Non casualmente la giurisprudenza del Consiglio di Stato (Consiglio di Stato, Sez. VI, 19 febbraio 2018, n. 1058 - QUI) ha precisato che le stazioni radio base, nonostante il riconoscimento del carattere di opere di pubblica utilità e malgrado l’assimilazione ad ogni effetto alle opere di urbanizzazione primaria, non possono essere localizzate indiscriminatamente in ogni sito del territorio comunale perché, al cospetto di rilevanti interessi di natura pubblica, come nel caso della tutela dei beni ambientali e culturali, la realizzazione dell’opera di pubblica utilità può risultare cedevole. Non a caso l’art. 86 del decreto legislativo n. 259 del 2003, nel disciplinare le infrastrutture di comunicazione elettronica, al comma 4 fa espressamente salve “le disposizioni a tutela dei beni ambientali e culturali”. Ora questo articolo 86 dopo il riordino (ex DLgs 207/2021 - QUI) del Codice delle Comunicazioni Elettroniche è diventato il 43 (QUI) che al comma 5 recita: “5. Restano ferme le disposizioni a tutela dei beni ambientali e culturali contenute nel decreto legislativo 22 gennaio 2004, n. 42 (QUI)…”
Questo principio di mantenimento della normativa sul paesaggio vige anche dopo la riforma del codice delle comunicazioni elettroniche sopra richiamata in relazione alle semplici variazioni di impianti di telefonia mobili esistenti e già abilitati, per queste variazioni non occorre l’autorizzazione paesaggistica solo nel caso in cui gli interventi comportino aumenti delle altezze non superiori a 1,5 metri e aumenti della superficie di sagoma non superiori a 1,5 metri quadrati.
Efficacia della pianificazione locale nella localizzazione delle antenne di telefonia mobile
Il Consiglio di Stato
nel suo Parere qui esaminato ricorda la giurisprudenza
costituzionale in materia di pianificazione locale (Corte cost., sentenze n.
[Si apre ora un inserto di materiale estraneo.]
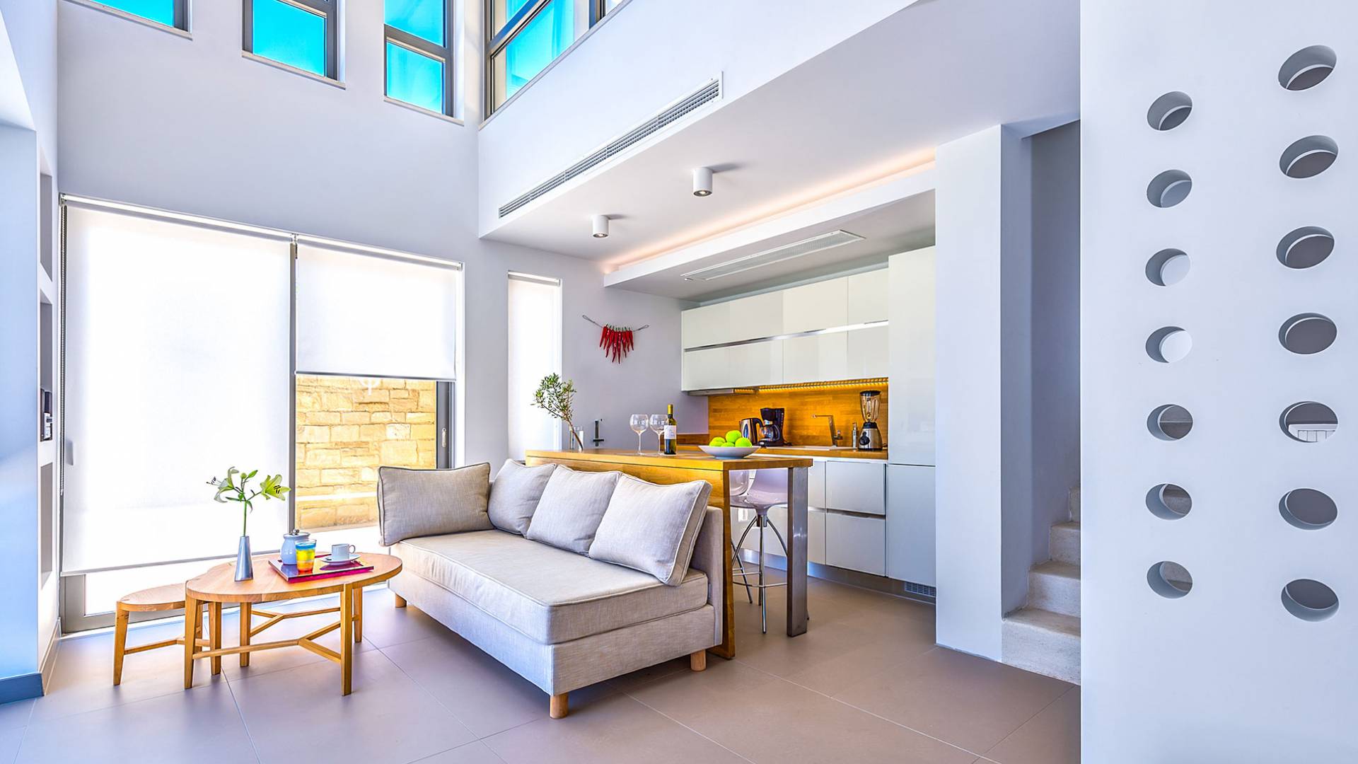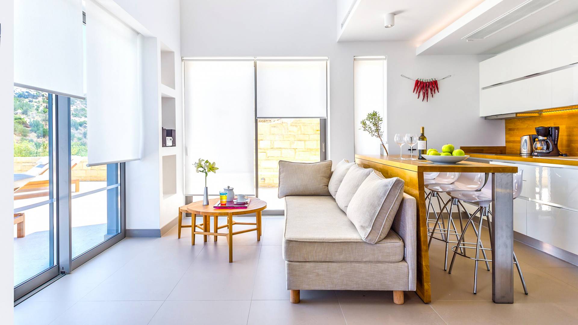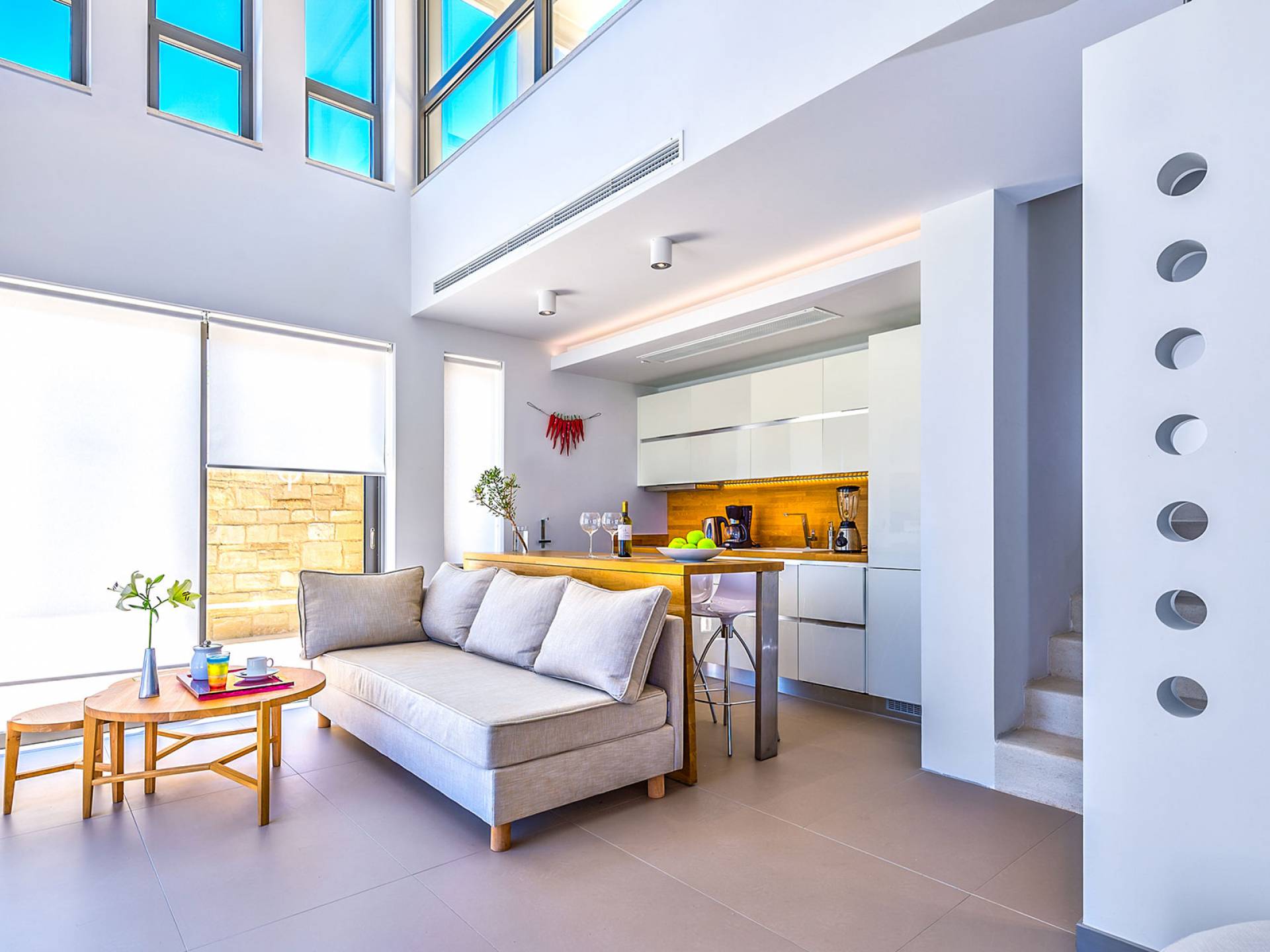 Die stilistischen Details der Harmony Villa verleihen dieser wunderschönen Komposition den letzten Schliff und garantieren unvergessliche Ferien auf Kreta. Die Villa Harmony dient als Ihr privater Rückzugsort, in dem Sie den Mythos von Kreta mit seinen langlebigen Meeren und vielfältigen Landschaften erkunden.

307 QUI e 331 QUI del 2003 ) dove si afferma che: “rientra nella potestà legislativa
e regolamentare della Provincia di Trento disciplinare la localizzazione delle
stazioni radio base attraverso l’adozione di ulteriori misure e prescrizioni
dirette a ridurne il più possibile l’impatto negativo sul territorio”. Il
tutto, aggiunge il Parere del Consiglio di Stato, non impedendo od ostacolando
ingiustificatamente l’insediamento degli impianti, ma comunque potendo
introdurre misure di governo del territorio (quali distanze, altezze e
localizzazioni) conformi al principio di ragionevolezza e purché sorrette da
una sufficiente motivazione, sulla base di risultanze acquisite attraverso
un’istruttoria idonea a dimostrare la ragionevolezza della misura e la sua
idoneità rispetto al fine perseguito.
Anzi conclude sul punto il
Parere del Consiglio di Stato la Provincia di Trento con la norma del proprio
regolamento, sopra riportata, sui criteri di localizzazione della antenne a
tutela del paesaggio : “non introduce, in realtà, un criterio di
localizzazione delle stazioni radio base che si traduce in un “vincolo”
surrettizio, ostativo allo sviluppo della rete di telecomunicazione mobile,
atteso che tale disposizione non esclude affatto una localizzazione alternativa
degli impianti nella medesima zona del territorio comunale individuata dal
gestore dei servizi di telefonia e, quindi, non comporta l’effetto di rendere
impossibile la copertura di rete del territorio nazionale. A ben vedere la
Provincia di Trento con tale criterio - così come con gli altri criteri fissati
dal primo comma dell’art. 36 - al dichiarato fine di <<tutelare e
valorizzare il paesaggio>> (ossia nell’esercizio delle proprie competenze
in materia di urbanistica e di tutela del paesaggio) si è limitata a fissare
modalità di realizzazione degli impianti di telecomunicazioni volte a limitare
l’impatto degli impianti stessi sul paesaggio circostante. In definitiva, la Provincia
ha correttamente operato, nell’esercizio della propria potestà regolamentare,
un contemperamento tra le esigenze di tutela del paesaggio e le esigenze
connesse alla copertura di rete del territorio nazionale.